GIVEN INFORMATION:
---
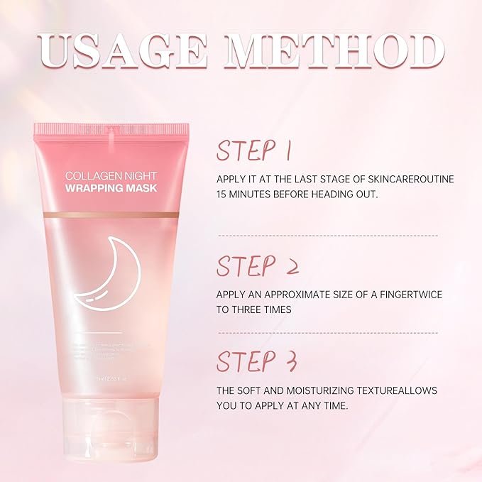 Collagen Night Wrapping Mask, Collagen Overnight Wrapping Peel off Facial Mask, Overnight Face Masks for Women, Korean Peel off Face Mask for Hydrates and Tightens Skin, 2.53 fl.oz (1)
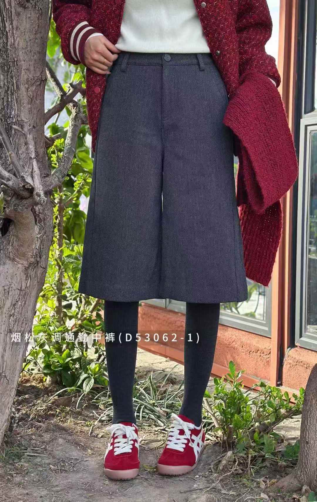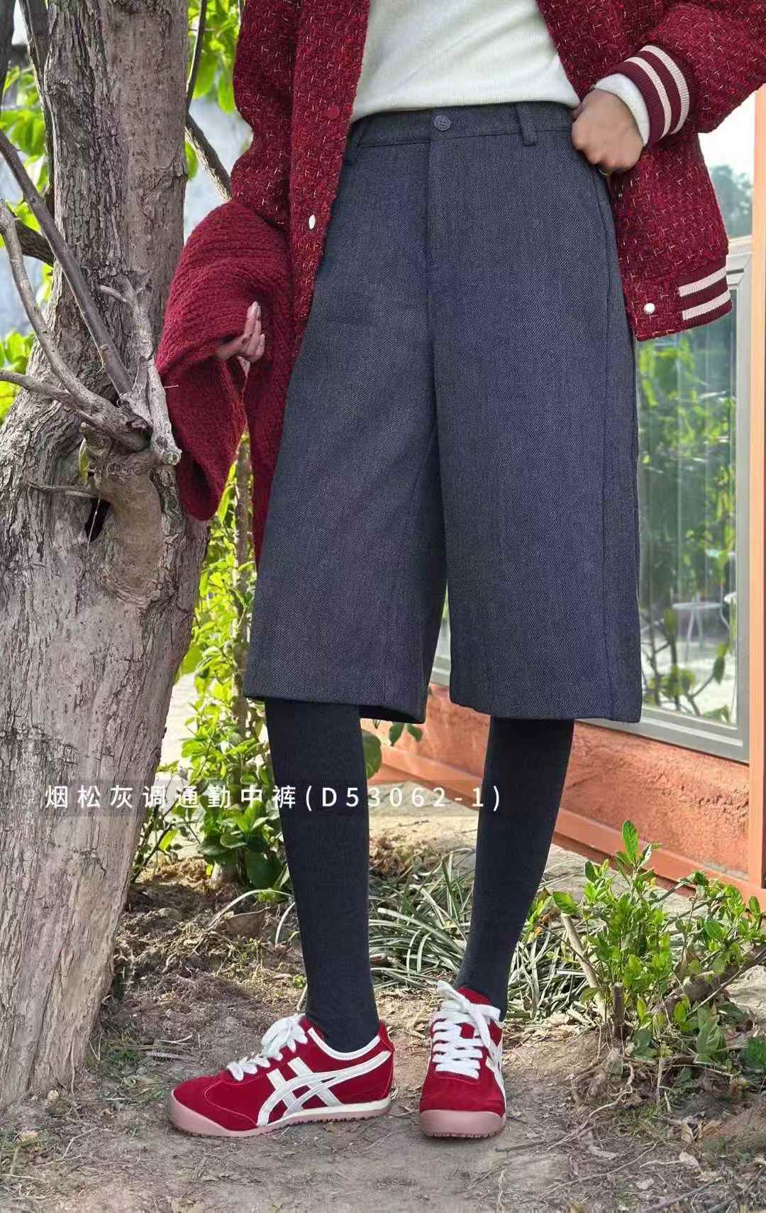 D53062-1#烟松灰调通勤中裤
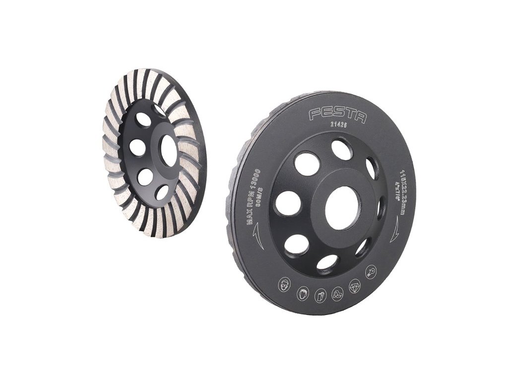 Brusný diamantový kotouč FESTA turbo, robustní nosný talíř je z pevné slitiny, speciální konstrukce uchycení diamantových segmentů k nosnému disku kotouče, vysoký obsah diamantového prachu v segmentech, použití : pro suché broušení mramoru, žuly, cihel, zdiva, přírodního i umělého kamene, obkladů, dlažeb..., lamelové provedení je vhodné pro jemné dobrušování, rozměry : uvedeny v názvu výrobku, balení : papírový box s eurootvorem. Instruktážní video
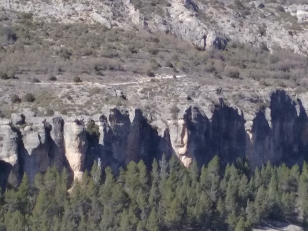 Unos metros más allá, y explorando un poco el sendero del Agua Encantada, la hoz del Júcar se me presentó presa de una potente alucinación onírica. Vistas de lejos, las formas de las rocas se asemejaban a moais rapanui esculpidos en la montaña. Las figuras de moais de isla de Pascua, que me han fascinado desde pequeño, suelen presentarse en mis sueños con cierta frecuencia, aunque siempre a distancia, inalcanzables, como de fondo. La última, uno en el paseaba con mi padre buscando el mar y en el que los montes que rodean Ferrol estaban repletos de moais combinados con otros tótems y enormes atracciones de feria en ruinas.
---
TASK BRIEF:
Set the entire listing down again, exact in every line, without any pictures.

RESPONSE FOR THIS EXERCISE:
 Collagen Night Wrapping Mask, Collagen Overnight Wrapping Peel off Facial Mask, Overnight Face Masks for Women, Korean Peel off Face Mask for Hydrates and Tightens Skin, 2.53 fl.oz (1)
 D53062-1#烟松灰调通勤中裤
 Brusný diamantový kotouč FESTA turbo, robustní nosný talíř je z pevné slitiny, speciální konstrukce uchycení diamantových segmentů k nosnému disku kotouče, vysoký obsah diamantového prachu v segmentech, použití : pro suché broušení mramoru, žuly, cihel, zdiva, přírodního i umělého kamene, obkladů, dlažeb..., lamelové provedení je vhodné pro jemné dobrušování, rozměry : uvedeny v názvu výrobku, balení : papírový box s eurootvorem. Instruktážní video
 Unos metros más allá, y explorando un poco el sendero del Agua Encantada, la hoz del Júcar se me presentó presa de una potente alucinación onírica. Vistas de lejos, las formas de las rocas se asemejaban a moais rapanui esculpidos en la montaña. Las figuras de moais de isla de Pascua, que me han fascinado desde pequeño, suelen presentarse en mis sueños con cierta frecuencia, aunque siempre a distancia, inalcanzables, como de fondo. La última, uno en el paseaba con mi padre buscando el mar y en el que los montes que rodean Ferrol estaban repletos de moais combinados con otros tótems y enormes atracciones de feria en ruinas.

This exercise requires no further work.